**ACTION ITEM:**
Among the records below, find the line with "Εικόνα 3.3: Διαχωρισμός" and the line with "Senatör Zerrin Tüzün". Set down both and every line between, exactly and with no pictures, but nothing else.

**GIVEN DATA:**

┄┄┄┄┄┄┄┄┄┄

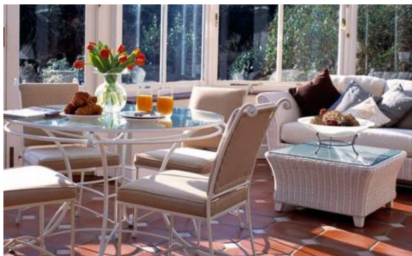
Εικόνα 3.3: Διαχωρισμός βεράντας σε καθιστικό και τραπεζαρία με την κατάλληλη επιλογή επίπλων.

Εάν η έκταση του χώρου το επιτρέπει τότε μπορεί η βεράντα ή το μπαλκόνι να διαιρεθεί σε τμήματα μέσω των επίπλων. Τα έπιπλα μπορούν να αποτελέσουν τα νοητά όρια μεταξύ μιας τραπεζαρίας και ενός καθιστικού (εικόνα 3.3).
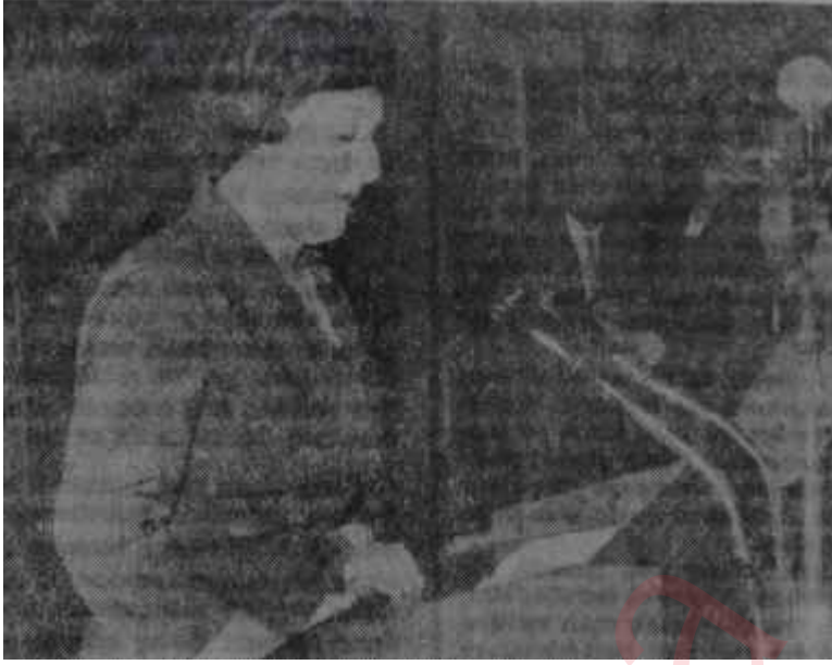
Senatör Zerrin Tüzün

┄┄┄┄┄┄┄┄┄┄

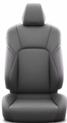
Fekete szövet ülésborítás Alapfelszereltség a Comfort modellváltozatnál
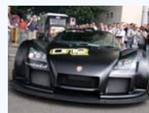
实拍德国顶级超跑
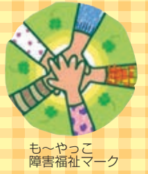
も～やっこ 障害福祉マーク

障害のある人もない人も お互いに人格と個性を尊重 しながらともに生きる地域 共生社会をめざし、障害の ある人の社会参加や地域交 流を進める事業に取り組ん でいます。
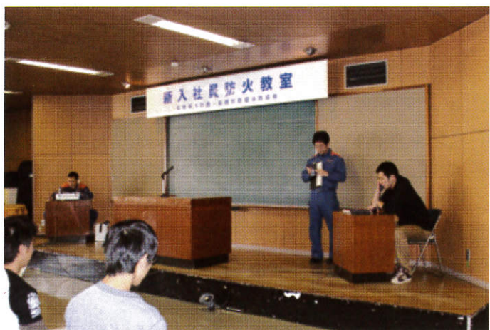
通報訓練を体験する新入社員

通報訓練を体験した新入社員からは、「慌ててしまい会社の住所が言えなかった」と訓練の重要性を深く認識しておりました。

┄┄┄┄┄┄┄┄┄┄

**THE COMPLETED TASK:**
Εικόνα 3.3: Διαχωρισμός βεράντας σε καθιστικό και τραπεζαρία με την κατάλληλη επιλογή επίπλων.

Εάν η έκταση του χώρου το επιτρέπει τότε μπορεί η βεράντα ή το μπαλκόνι να διαιρεθεί σε τμήματα μέσω των επίπλων. Τα έπιπλα μπορούν να αποτελέσουν τα νοητά όρια μεταξύ μιας τραπεζαρίας και ενός καθιστικού (εικόνα 3.3).
Senatör Zerrin Tüzün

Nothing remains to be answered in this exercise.